DIY Sticky Bands Can Protect Trees from Cankerworms in the Spring

By on November 15, 2017

Turkey will be the main course for many North Carolinians next week as we celebrate Thanksgiving.  After the kitchen is cleaned up however, there’s no time to rest.  Instead, it’s time to worry about another main course which you won’t enjoy: the feast that cankerworms enjoy every spring as they feed on tree leaves.

A hungry cankerworm. Image: Joseph Berger, Bugwood.org

Cankerworms are a nuisance in many areas statewide each spring. Not only do these inchworms hang from trees on a silken thread, dropping onto cars or innocent passersby, but they also eat tree leaves. While they’re prevalent in urban areas such as Charlotte, Durham, and Raleigh, cankerworms could be found anywhere.  Their leaf-munching can make trees look bad, but the greater threat is that it also causes stress to trees which increases their susceptibility to secondary pests. Cankerworms typically prefer oaks, but will feed on a wide range of hardwood trees.

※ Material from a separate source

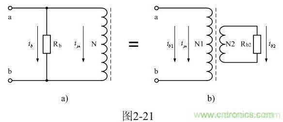 圖2-21-a中,Rb為渦流損耗等效電阻,N為變壓器初級線圈。由此可以看處,由于受渦流損耗的影響,變壓器鐵芯被磁化時,相當于一個渦流損耗等效電阻Rb與變壓器初級線圈N并聯。

Luckily, there is an easy DIY that can be implemented now to save you the headache in the spring.  For this, we can thank the biology of the insect. Because the female cankerworm moth does not fly and must climb up the tree trunk before she lays eggs in the canopy, by intercepting her before she reaches the canopy, we can prevent egg laying and thus caterpillars in the spring.  This can be done by installing a sticky band around the tree that traps female moths as they crawl up the trunk.

Sticky band around the trunk of a tree, covered with trapped moths. Image: William A. Carothers, USDA Forest Service, Bugwood.org

So, how can you put these sticky bands up? It’s simple and requires just a few supplies.  First, wrap or staple paper tree wrap or duct tape around the trunk of your tree.  Either of these can be found at your local garden supply store.  Next, evenly cover the band with Tree Tanglefoot Insect Barrier. Tree Tanglefoot is a non-toxic, sticky substance that the flightless moths get stuck in and are unable to pass as they crawl up the trunk. It can be purchased online (even Amazon carries it!) or at local hardware stores.  It is recommended to wear gloves during this step, as Tanglefoot is very sticky and difficult to remove from skin.  As the season progresses, check the band regularly.  If there is an unusually high population of moths, then they could quickly cover the sticky band rendering it useless, so bands should be checked every few weeks and Tanglefoot reapplied as needed.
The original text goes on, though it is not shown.